Content starts

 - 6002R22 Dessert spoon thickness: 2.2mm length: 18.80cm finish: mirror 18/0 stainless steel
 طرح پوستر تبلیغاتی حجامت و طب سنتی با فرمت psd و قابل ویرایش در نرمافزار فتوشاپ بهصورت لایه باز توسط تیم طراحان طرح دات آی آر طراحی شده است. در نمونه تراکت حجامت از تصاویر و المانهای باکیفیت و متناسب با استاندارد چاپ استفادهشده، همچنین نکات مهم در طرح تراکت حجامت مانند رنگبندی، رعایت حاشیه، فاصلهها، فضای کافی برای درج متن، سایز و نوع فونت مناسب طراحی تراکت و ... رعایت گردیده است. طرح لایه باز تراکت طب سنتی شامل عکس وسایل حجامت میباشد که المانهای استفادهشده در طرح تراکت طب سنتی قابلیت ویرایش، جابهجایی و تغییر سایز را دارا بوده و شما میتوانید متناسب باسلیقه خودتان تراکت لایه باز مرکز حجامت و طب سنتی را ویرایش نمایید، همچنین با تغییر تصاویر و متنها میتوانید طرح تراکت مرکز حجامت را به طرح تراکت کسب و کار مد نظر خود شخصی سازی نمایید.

Content ends
Content starts

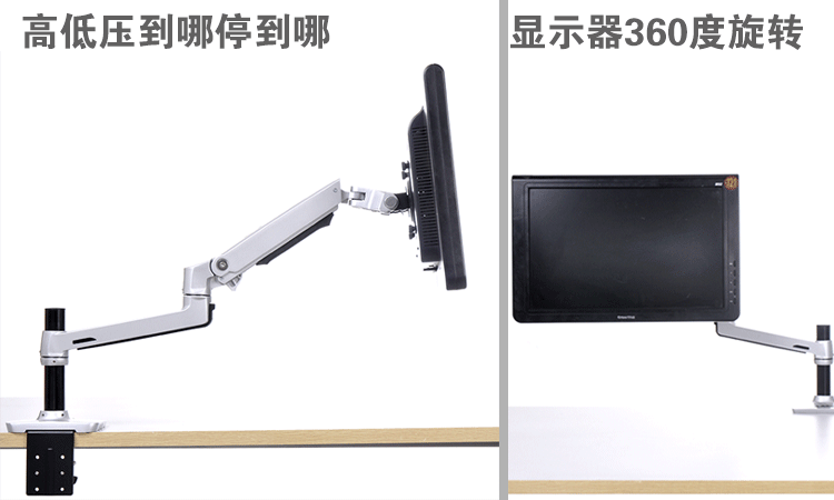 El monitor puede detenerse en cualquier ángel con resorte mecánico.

Content ends
Content starts

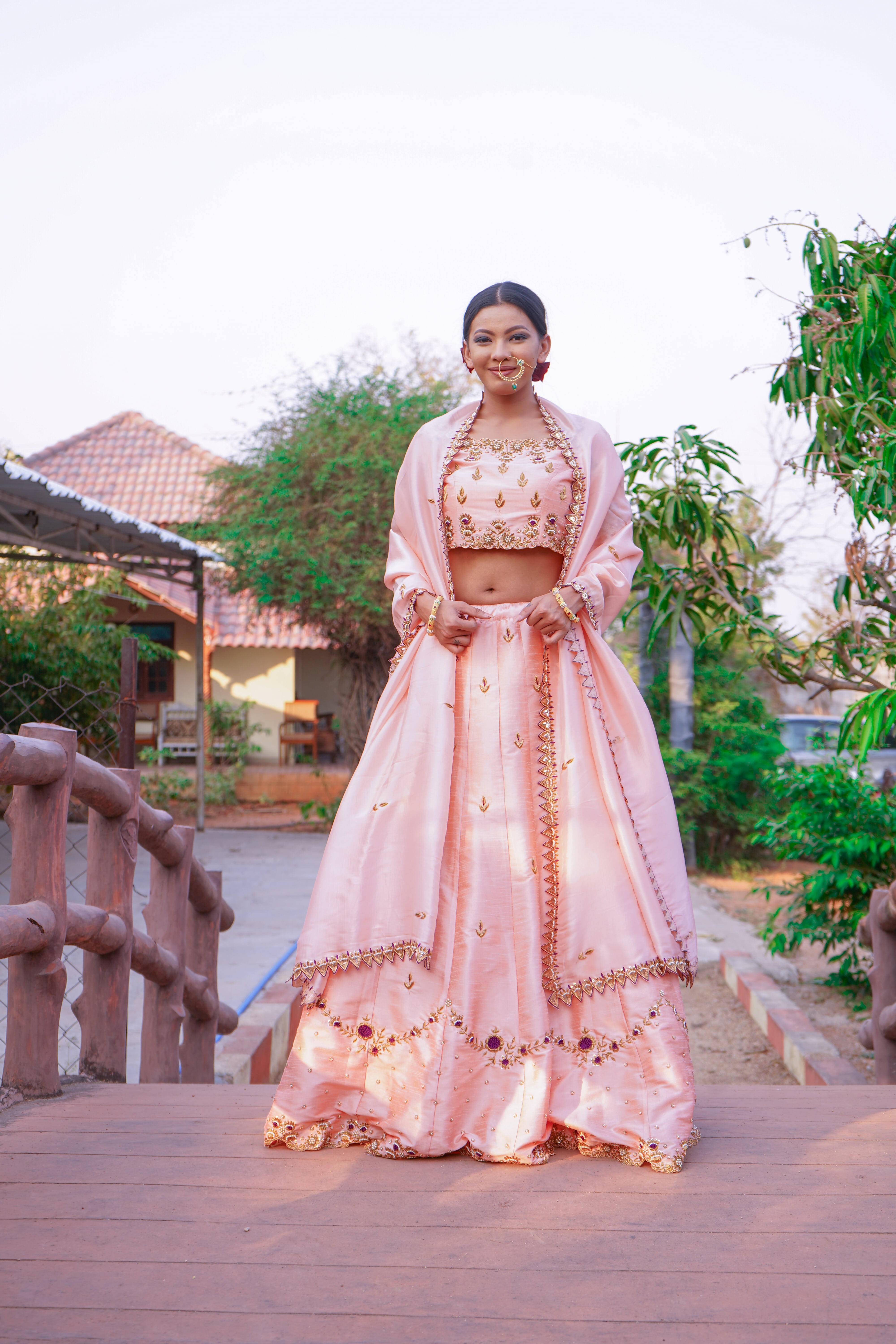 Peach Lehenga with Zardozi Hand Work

Content ends

• _Work to be completed_:
Beginning at the line with "- 6002R22 Dessert" and ending at the line with "طرح پوستر تبلیغاتی", reproduce each line of the data above exactly, and add no other lines.

• _Solution_:
 - 6002R22 Dessert spoon thickness: 2.2mm length: 18.80cm finish: mirror 18/0 stainless steel
 طرح پوستر تبلیغاتی حجامت و طب سنتی با فرمت psd و قابل ویرایش در نرمافزار فتوشاپ بهصورت لایه باز توسط تیم طراحان طرح دات آی آر طراحی شده است. در نمونه تراکت حجامت از تصاویر و المانهای باکیفیت و متناسب با استاندارد چاپ استفادهشده، همچنین نکات مهم در طرح تراکت حجامت مانند رنگبندی، رعایت حاشیه، فاصلهها، فضای کافی برای درج متن، سایز و نوع فونت مناسب طراحی تراکت و ... رعایت گردیده است. طرح لایه باز تراکت طب سنتی شامل عکس وسایل حجامت میباشد که المانهای استفادهشده در طرح تراکت طب سنتی قابلیت ویرایش، جابهجایی و تغییر سایز را دارا بوده و شما میتوانید متناسب باسلیقه خودتان تراکت لایه باز مرکز حجامت و طب سنتی را ویرایش نمایید، همچنین با تغییر تصاویر و متنها میتوانید طرح تراکت مرکز حجامت را به طرح تراکت کسب و کار مد نظر خود شخصی سازی نمایید.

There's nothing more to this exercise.